Устроившись органистом в синагогу конгрегации «Барбекью-он-Файер», Юлик решил свои материальные проблемы, и мог не только содержать семью до
седьмого колена включительно, но и чувствовать себя относительно свободно, поскольку прихожане, люди исключительно делового склада, синагогу не
посещали. Именно в тот спокойный период и были написаны такие широко известные книги Регева, как «Рандеву с Мазареном», «Наш Ильич» и философский
трактат «Неприлюдная фуга в ре-делезе». А в моей личной коллекции сохранилось детское стихотворение Регева, записанное на пакетике из-под люминала:
Мы поскакали
поскакали
поскакали
на лошадках
на темных нехороших лошадках
чтобы посмотреть
как Сен-Поль Ру
застегивает пажики своих описанных чулок.
Популярный автор-куплетист Михаил Генделев постоянно находился в разъездах. Российские беженцы ждали его во всех концах света. Однажды мы оказались
попутчиками в поезде, следовавшем в Джибути, которое Михаил Самуэлевич, по старинке грассируя, именовал Французской Территорией Афаров и Исса. За
графином сидра в вагоне ресторане он показал мне текст своей новой песни, которую готовился исполнить перед бывшими соотечественниками:
Себя встречать я шел опять
а
если выворочен хрящ
за
то что та любовь ступать
царя
которого не зряч.
А
я плясал в его садах
с кошмарной харею лица
был рыбам брат
и звался
ах*
что встретил смерть
рабом свинца.
* Брат (древнеевр.)
Именно тогда я особенно интересовался связью слова и музыки в сефардских романсах, и Генделев прочел мне целую лекцию на эту тему. Энциклопедические
познания этого человека, всегда носившего завитой парик a la Georg-Friedrich Handel и не расстававшегося с бумерангом, инкрусти-рованным молоховой
чешуей, подарком перепатриантов с Земли Арнхейма, были поразительными. Незаметно для собеседника переходил он с одного древнего языка на другой,
помнил имена всех членов албанского нацио-нального собрания, великолепно играл в фантики.
Примерно в то же самое время нейрохирург Ольга Левитан познакомила меня со своим пациентом — писателем Владимиром Тарасовым. Я помню его маленькую овальную комнату в сторожевой башне, в которую можно было подняться как с улицы Корнелия Агриппы, по спиральной лестнице из кованной латуни, вызывавшей во мне воспоминания о скелете морского змея, так и изнутри сводчатого туннеля — одного из ответвлений иерусалимской клоаки,
растопырившей свои щупальца вокруг гнилого тела невольничьего рынка, который сам хозяин, глумясь, называл «Иудиным Стоном». Из тоннеля можно
было подняться на башню в скрипучем подъемнике, кабина которого, хоть и весьма облезлая, была выполнена из отходов карельского эбена. Тарасов в те годы почти оставил писание своих знаменитых романов, и увлекся сочинением сентенций.
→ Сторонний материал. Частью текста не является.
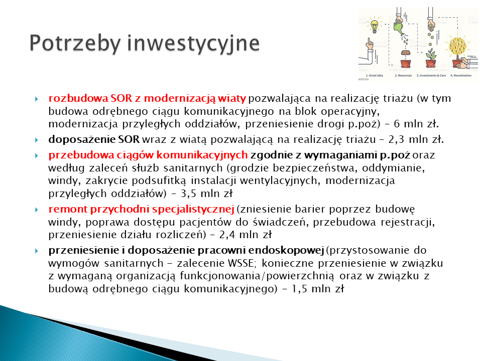Część inwestycji już się rozpoczęła. Trwa przeniesienie i doposażenie pracowni endoskopowej. Robert Lis chce także wyremontować laboratorium, szatnie, pozostałe oddziały, a także wydzielić strefę zakaźną na oddziale internistycznym. Wkrótce szpital zakupi dwie karetki transportowe. Jedną z nich dofinansują wszystkie samorządy powiatu radzyńskiego.
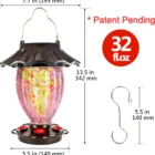 Solar Hummingbird Feeder, Color Changing, 32 fl.oz, Hand Blown Glass, Leak Proof
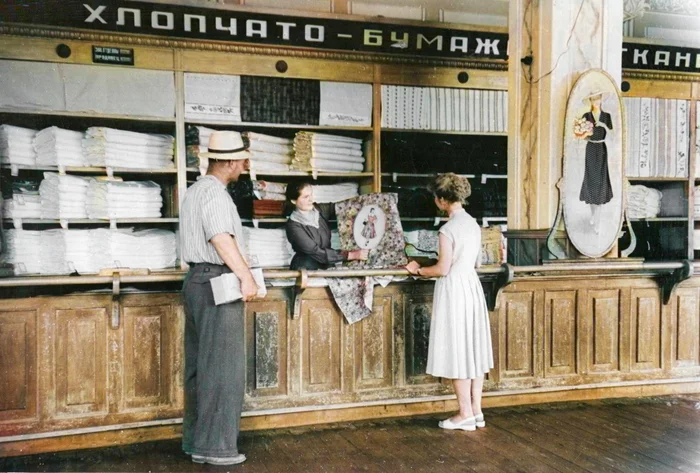 Шить в Советском Союзе умело большинство женщин и девушек, поэтому магазины ткани были практически в каждом городе.
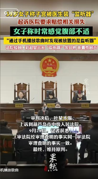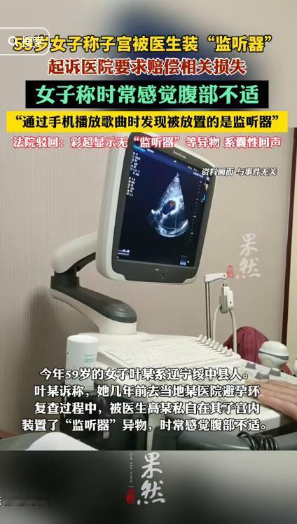 辽宁一59岁女子去医院取避孕环,几年后,她用手机播放歌曲时,发现医生悄悄在她子宫里安了监听器,导致她肚子很难受,女子一气之下,把医院告上法庭... 据齐鲁晚报9月29日消息,有一女子竟将一份再平常不过的“囊性回声”超声报告,看作是医生给她安装监听器的证据,直接将这件事情告上了法庭。 起因是在2016年的时候,孙某(化名)在所居住于的县医院里面照做了一个避孕环取出手术,本是个简单的小手术,可从那以后,她就常觉得肚子隐隐作痛。 疼痛没完没了,让她越来越紧张,怀疑是不是手术出了问题。多年后,有一次她用手机放音乐时,腹痛突然加重,一个念头闪过脑海,是不是身体里有东西? 孙某越想越害怕,而且根据日常的疼痛感,在她心里面认定了是医生给她安装了一个“监听器”。 然而就在前一段时间她实在是放心不下,就去了另一家医院进行检查,谁知这里的检查结果上面显示并没有什么所谓的“监听器”,而是有囊性回声且伴随着少量积液。 面对这样的结果,医生立马与孙某解释说,这这种情况很常见不用太在意,不料孙某还是觉得就是放了“监听器”所以才会有这样的情况,直接就给医院告上了法庭。 法院接到案件之后,为了能够找出有利的证据,专门请来了医学专家出具鉴定,专家明确指出,“囊性回声”只是说明体内有液体,与金属或电子设备毫无关系。 法院觉孙某提供的检查报告并不能当成直接的证据,所以一审直接驳回了她的请求。面对这样的判决孙某心里面很是不服气,直接就提起了二次诉讼。 法院觉得没有在提供新的证据,就维持了一审原判,最终,这场官司以孙某的全面败诉告终,也提醒公众,维权必须建立在科学和理性的基础上。 这件事情被网友们看到了之后,成了新的笑料,不少网友调侃:“难道医生有收取细胞分裂声音的癖好,在子宫里面安装一个监听器”。 但当我们冷静下来思考的时候,讨论事情背后的问题,如果维权只靠主观臆想,不仅浪费司法资源,也容易伤害无辜,法律是要求讲证据的。 那么,通过这件事情告诉我们,社会除了用法律划清界限,也要学会用理解去接住那些走偏的人,理性和温度并不冲突。 对此,你还有什么想说的吗?

— На вот, можешь скопировать! Кал-ли-гра-фи-чес-ки, — небрежно говорил он, протягивая гостю листок бумаги, причем небрежность эта мало кого обманывала. Не возникало сомнения, что отказ скопировать новую сентенцию навсегда закрыл бы перед посетителями двери тарасовского дома.
Уже не юный, но находящийся в прекрасной форме, благодаря финиковому соку, без которого его и представить себе трудно, этот человек-легенда любил, когда комнату наполняла молодежь. Один из юных литераторов, которого я часто заставал сидящим на египетском пуфике, прямо под полкой с первыми изданиями тарасовских романов «Реликварий», «Реликварий II», «Возвращение реликвария», «Сьерра Фуэга», «Тысяча вторая ночь Артаксеркса», «Арке-буза»,»Свойства плетня», был Петя Птах — миниатюрнейший юноша с тонким нервным лицом и длинными музыкальными пальцами. По вполне прости-тельному в его возрасте недостатку преклассического образования, Петя представлял себе древнеегипетского бога Птаха существом с головой колибри, чем и обосновывал выбор псевдонима, слившегося с ним так неразрывно, что настоящую его фамилию — Файвелзон, вряд ли кто сейчас вспомнит. Петя увлекался скульптурой и долгие годы собирался изваять фигуру Тарасова из желтого шилоанского оникса. Однако, насколько мне известно, из этой затеи ничего не вышло, а вот его замечательные натюрморты с фруктами из мыльного камня, я помню очень хорошо. Петя также был музыкантом широкого профиля, и с большим чувством исполнял на губах балеты Монтеверди. Литературное его творчество в те годы было еще незрелым. Вспоминаются только какие-то отдельные фразы из его сложенных гармошкой рукописных книжек: «Хочется кушать наоборот», «Я ваш малень-кий прострел», «Ах, попа чешется опять».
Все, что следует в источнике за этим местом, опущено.